For this exercise, please transcribe exactly and only the lines from the one containing "El video proviene, según" through the end of the material, both ends included, without pictures.

### EXERCISE DATA
───

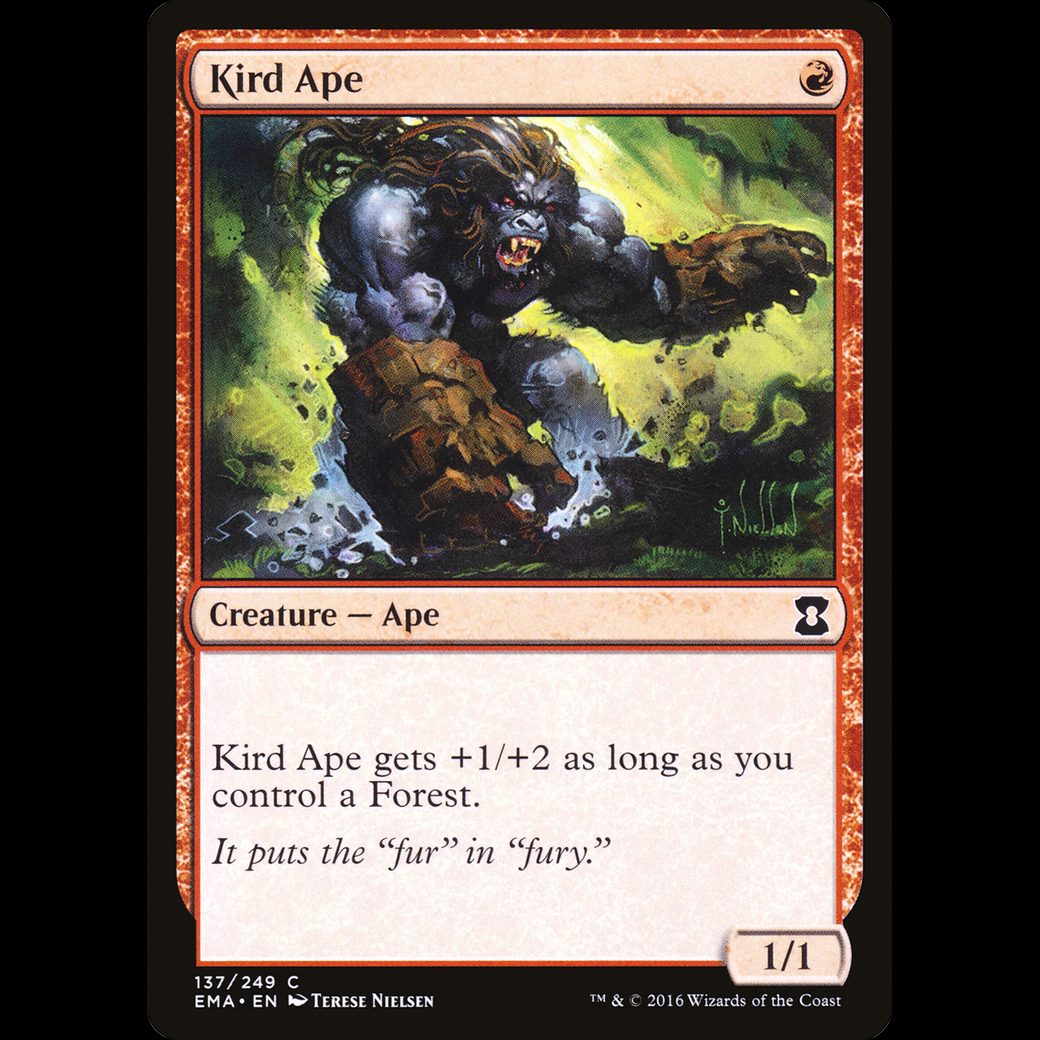 MTG Kird Ape Eternal MastersKird Ape gets +1/+2 as long as you control a Forest.
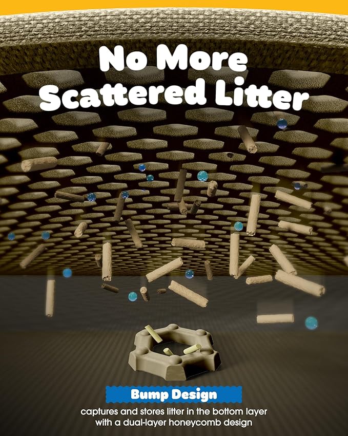 - DOUBLE-LAYER LITTER CATCHER: With a honeycomb hollow layer and leakproof bottom layer, Powools double-layer kitty litter mat can effectively trap loose litter from the box and cat paws. Moreover, the side-opening design allows you to tip the mat and pour the collected litter into the litter box, easily recycling it and reducing waste.
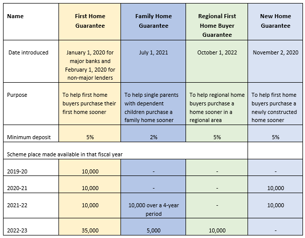 In the early part of the decade, the Australian government launched four related programs under the Home Guarantee Scheme to support different types of buyers:
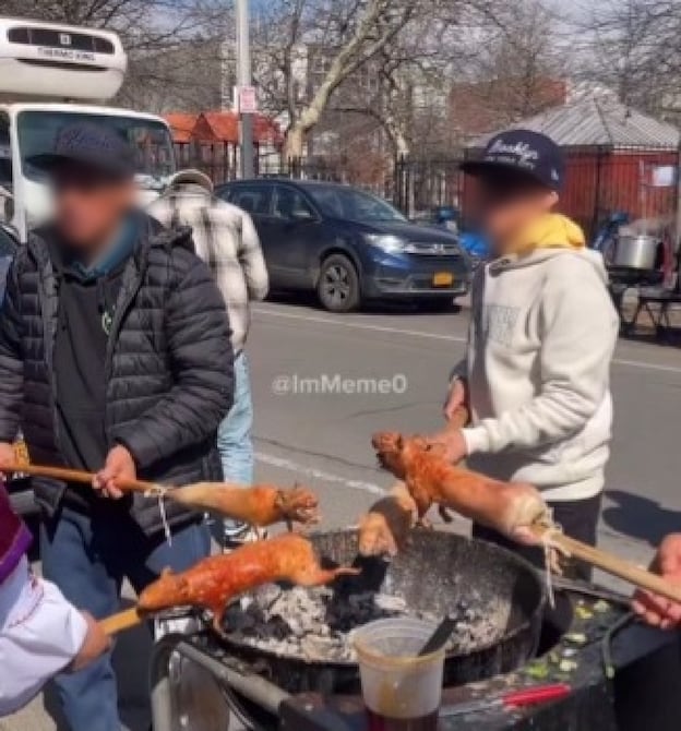El video proviene, según Grok (asistente de inteligencia artificial), de un puesto de comida callejera ecuatoriana en Bushwick, Brooklyn, en donde se vende cuy asado. Este comedor informal funcionaría en ese barrio desde hace varios años en la acera. (I)
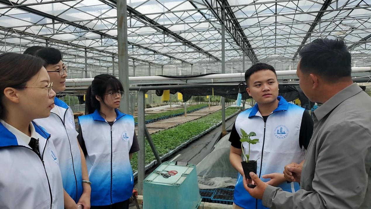 图为王朝荣向实践团师生介绍幼苗移栽过程
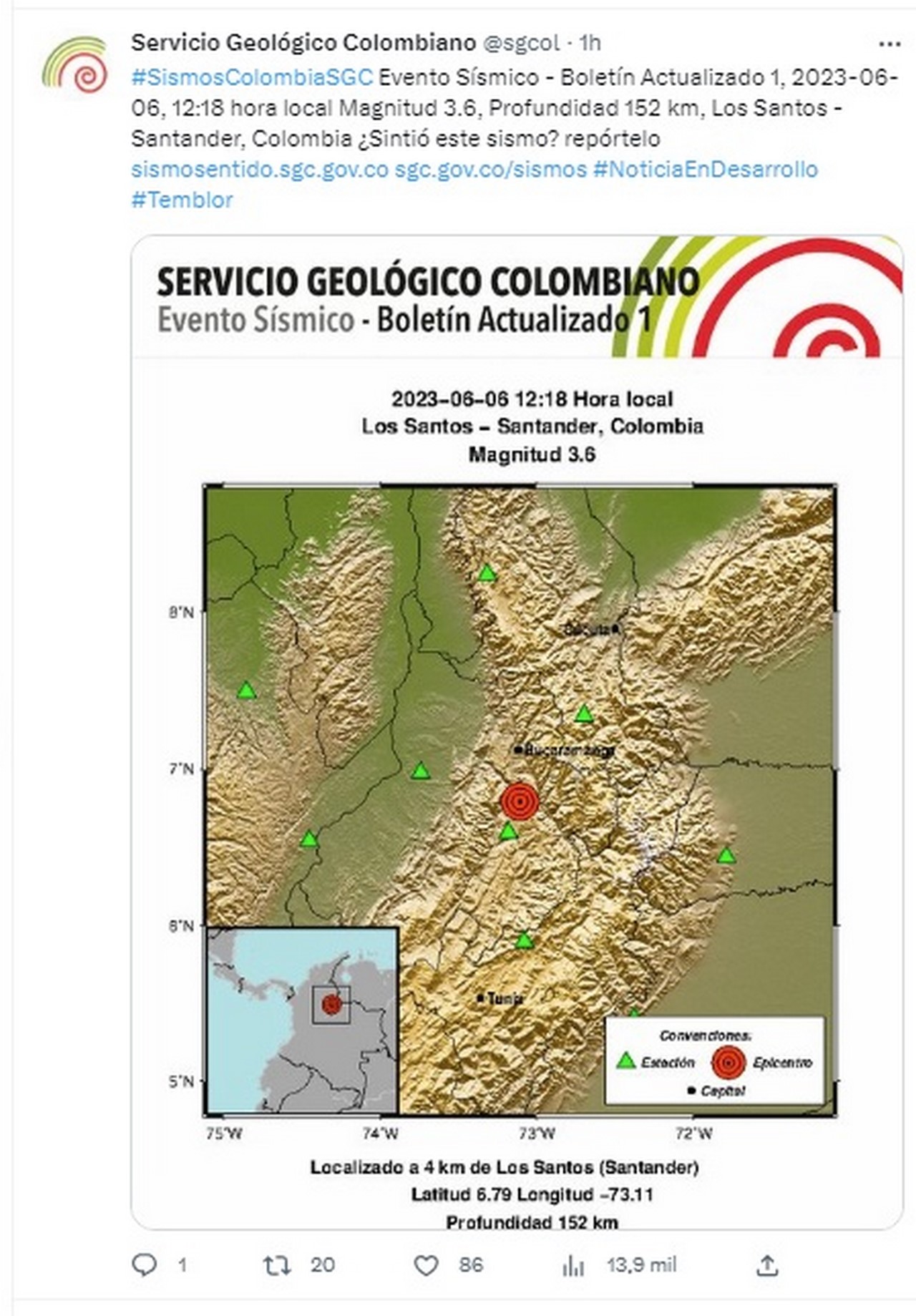 — Servicio Geológico Colombiano (@sgcol) June 6, 2023

───

### RESPONSE AREA
El video proviene, según Grok (asistente de inteligencia artificial), de un puesto de comida callejera ecuatoriana en Bushwick, Brooklyn, en donde se vende cuy asado. Este comedor informal funcionaría en ese barrio desde hace varios años en la acera. (I)
 图为王朝荣向实践团师生介绍幼苗移栽过程
 — Servicio Geológico Colombiano (@sgcol) June 6, 2023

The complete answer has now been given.